The resources allocated for software quality assurance and improvement have not increased with the ever-increasing need for
better software quality. A targeted software quality inspection can detect faulty modules and reduce the number of faults
occurring during operations. We present a software fault prediction modeling approach with case-based reasoning (CBR), a part
of the computational intelligence field focusing on automated reasoning processes. A CBR system functions as a software fault
prediction model by quantifying, for a module under development, the expected number of faults based on similar modules that
were previously developed. Such a system is composed of a similarity function, the number of nearest neighbor cases used for
fault prediction, and a solution algorithm. The selection of a particular similarity function and solution algorithm may affect
the performance accuracy of a CBR-based software fault prediction system. This paper presents an empirical study investigating
the effects of using three different similarity functions and two different solution algorithms on the prediction accuracy
of our CBR system. The influence of varying the number of nearest neighbor cases on the performance accuracy is also explored.
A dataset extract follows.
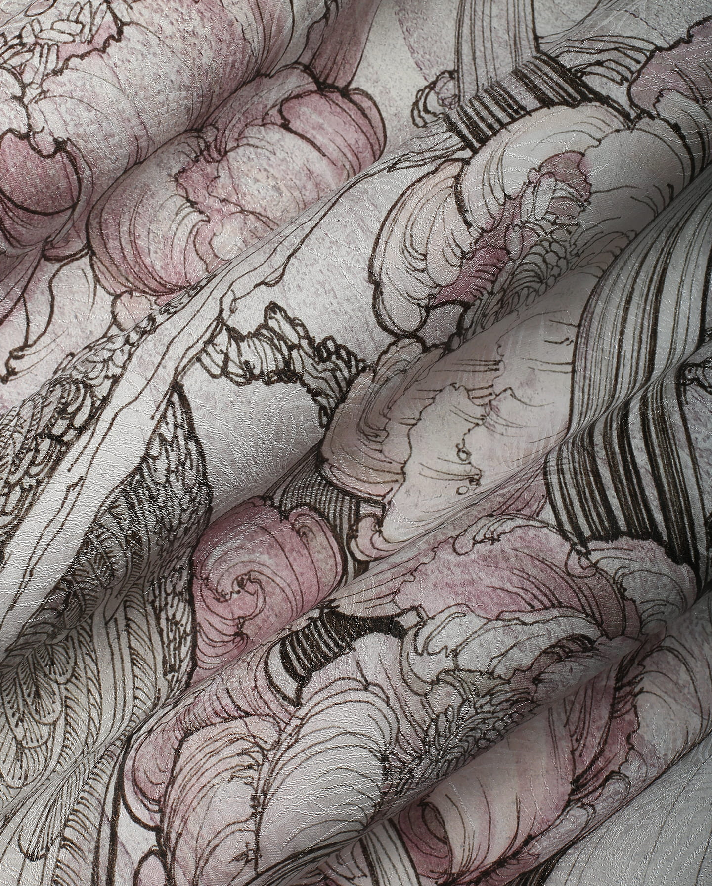 Tapeta Wonderwall Asami to wyjątkowe połączenie delikatnych kwiatów piwonii i majestatycznego ptaka, tworzące kompozycję pełną wdzięku i elegancji. Inspirowana sztuką orientalną, wyróżnia się precyzyjnymi detalami oraz subtelną paletą kolorystyczną, w której dominują odcienie różu, beżu i szarości.

Moreover, the benefits of using metric-selection procedures for our CBR system is also evaluated. Case studies of a large
legacy telecommunications system are used for our analysis. It is observed that the CBR system using the Mahalanobis distance
similarity function and the inverse distance weighted solution algorithm yielded the best fault prediction. In addition, the
CBR models have better performance than models based on multiple linear regression.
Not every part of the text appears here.